Dispersive fluxes are potentially significant in flows distorted by roughness elements, however they are rarely measured in the field because of the cost and difficulty of erecting numerous towers within a plant canopy or urban area. In wind tunnel experiments they are easier to measure, although constructing a true spatial average is often compromised by probe and traverse gear dimensions.
We compare dispersive fluxes of momentum and a scalar with area-averaged turbulent fluxes in a sparse wind-tunnel-model plant canopy. The Black Forest model was constructed of small light globes with a distinct crown and trunk region. Heat was used as a passive scalar that was independently introduced to the flow at ground and crown heights. Four scalar source distributions were generated, ranging from ground-only to canopy-only. Hotwire anemometery with simultaneous coldwire measurements were used to sample vertical profiles at eleven locations throughout the canopy area.
Comparisons of momentum fluxes show that the dispersive fluxes are much smaller in the upper canopy than the turbulent fluxes. At h, the area-averaged dispersive flux is of order 0.001 m2s-2 whereas the area-averaged turbulent flux is -0.558 m2s-2. These results support conclusions by other workers that dispersive momentum fluxes are insignificant in the upper canopy and for z > h. In contrast, for z < 0.5h, the dispersive flux is the same order of magnitude as the turbulent flux.
Over much of the canopy height, vertical gradients in dispersive momentum flux are 2-3 times smaller than those for turbulent momentum flux. Above 0.6h, however, dispersive flux divergence increases rapidly to a maximum of almost (minus) one half of the turbulent flux divergence. Neglect of the dispersive flux divergence term in this region of the canopy layer would lead to a 50% overestimation of the canopy drag.
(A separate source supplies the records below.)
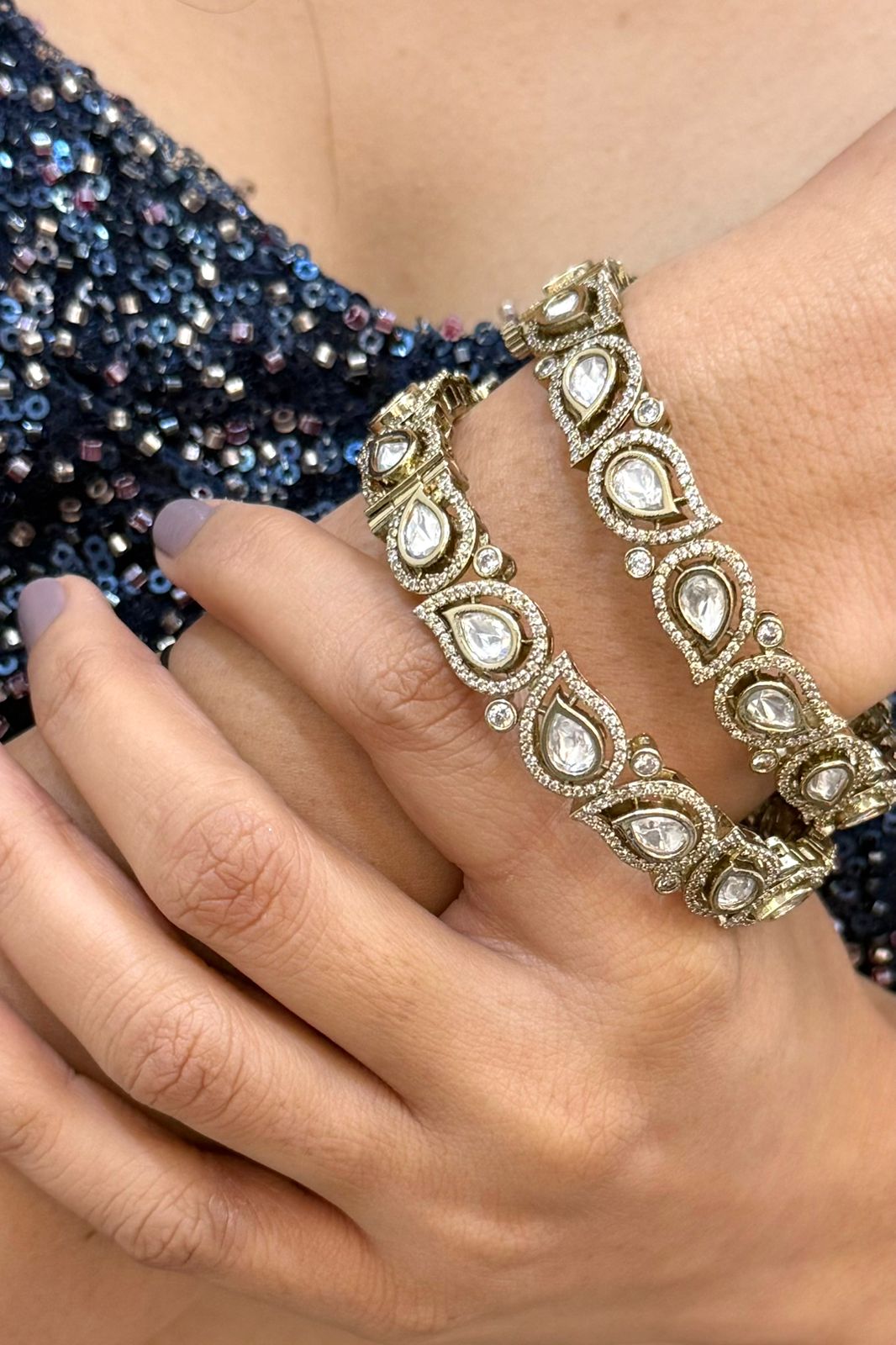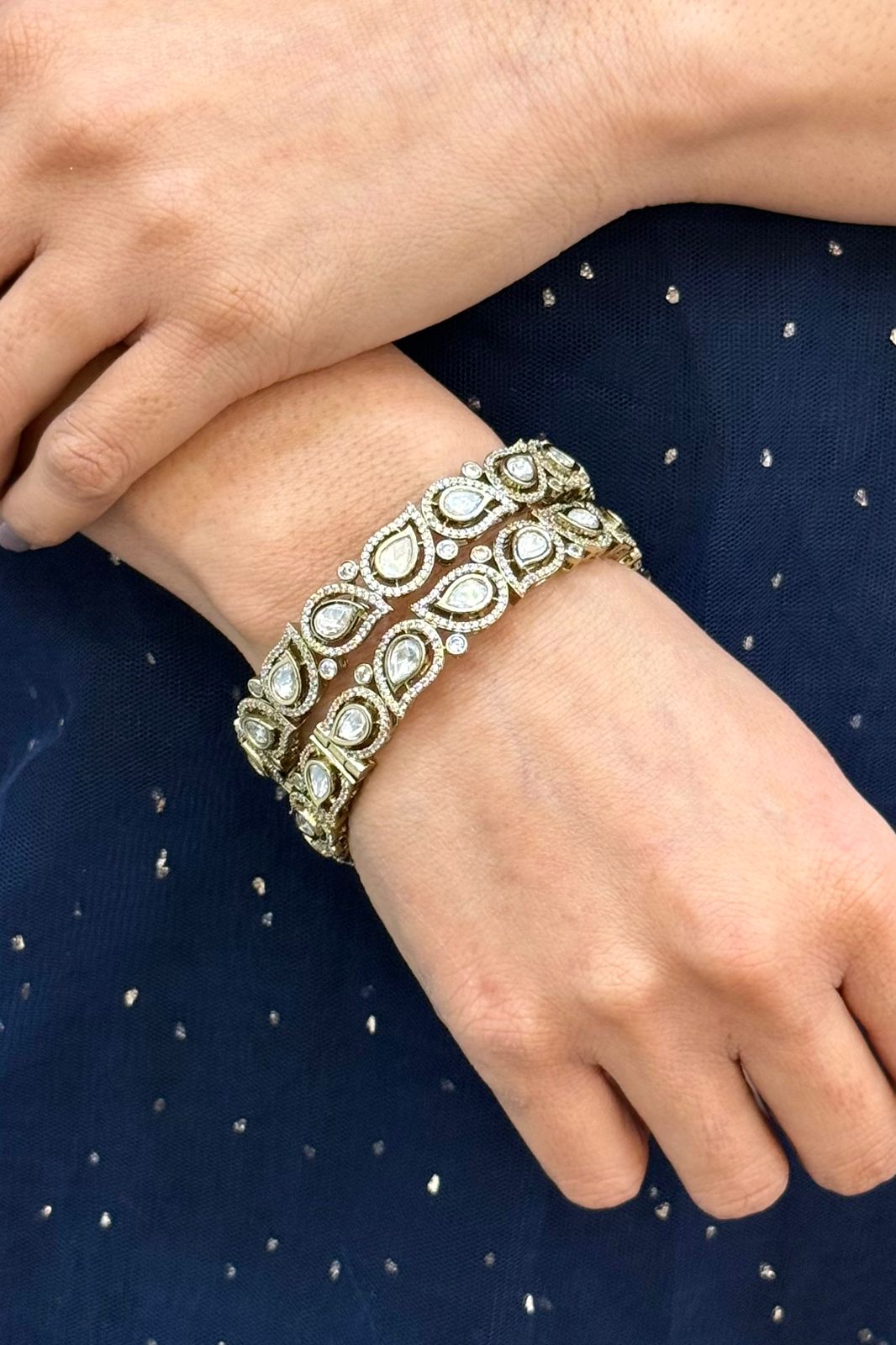Moissanite Leaf Uncut Diamond Antique Polish Bangles Set of 2(Openable)
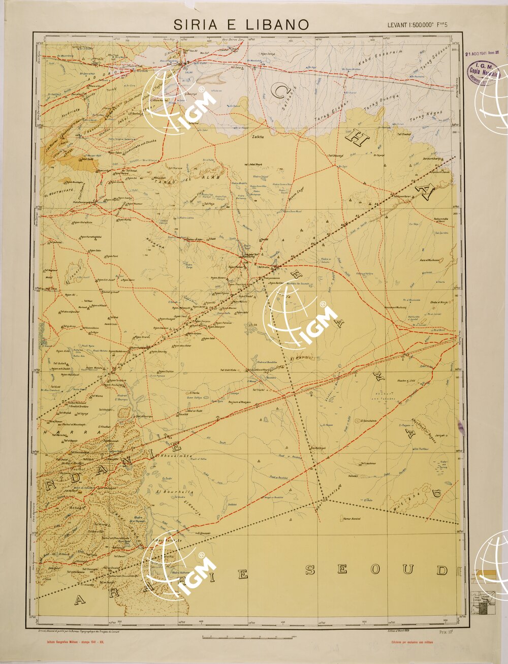 Riproduzione da analoga carta del Bureau Topographique des Troupes du Levant Francese stampa IGM 1941
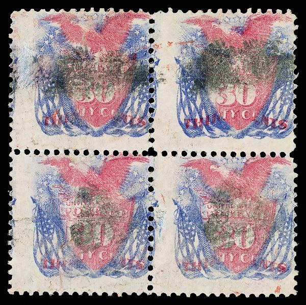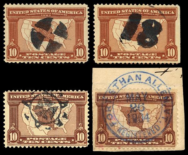 1904, 10¢ Louisiana Purchase Group of Sock-on-the-Nose Fancy Cancels (Scott 327), features four stamps with various cancels; an attractive group with some scarce examples. (Image)
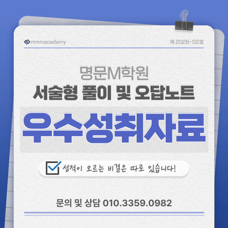 안녕하세요. 거북섬 수학전문학원 명문M학원입니다. 학부모님들께서 가장 많이 하시는 질문 중 하나는 우리 아이, 공부는 하는데 왜 성적이 오르지 않을까요? 입니다. 성적은 단순히 문제를 많이 푸는 것으로 결정되지 않습니다. 틀린 문제를 어떻게 관리하고, 풀이 과정을 어떻게 정리하느냐에 따라 결과가 달라집니다. 오늘은 실제 성적 향상으로 이어지고 있는 명문M학원의 우수성취자료 관리 방법을 소개해 드리겠습니다. 성적이 오르는 학생들의 공부는 다릅니다. 시험 점수는 단기간의 노력보다 지속적인 관리와 올바른 학습 습관에서 만들어집니다. 명문M학원에서는 학생들의 성장을 위해 오답노트 관리와 서술형 풀이 훈련을 체계적으로....... <img src="https://blogthumb.pstatic.net/MjAyNjAyMjBfMTQ1/MDAxNzcxNTY1NzMyNjU4.iq81KYbMEmNh4sE_s_yL87ldUSmN0LDsg0pNO_1l66Mg.VWeGQeNs26ZHWiSq7LBcZJSj-_snaYxfNHImlmix8oEg.PNG/1.png?type=s3" />
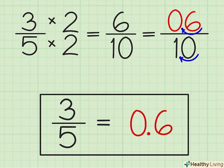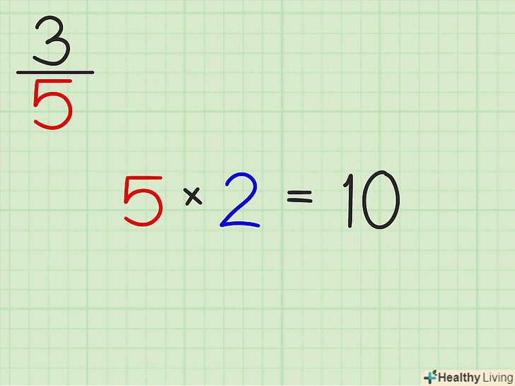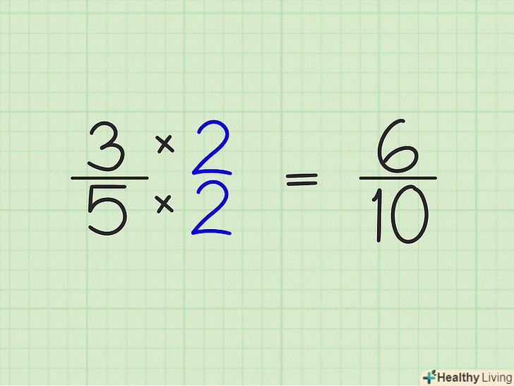 Помножте чисельник і знаменник дробу на знайдене число. ось як це робиться:[1]- 3/5 х 2/2 = 6/10

Comparisons of scalar fluxes show that dispersive fluxes and turbulent fluxes are of similar magnitude within the model plant canopy. The greater importance of scalar dispersive fluxes relative to those for momentum follows because both w" and c" are asymmetrically disposed about each canopy element in contrast to the dispersive momentum flux where u" is symmetric and w" asymmetric about an element so that the spatial integral of their product is small (" denotes departures from the spatial mean). The role played by dispersive fluxes increases as the source distribution moves from canopy-only to ground-only.
The sum of dispersive and turbulent fluxes matches source distributions inferred from electrical loading only approximately. While some of this mismatch may be attributed to spatial undersampling, an important component of scalar turbulent flux is carried by eddies that cannot be resolved by the heat flux sensor. Spectral analysis confirms this.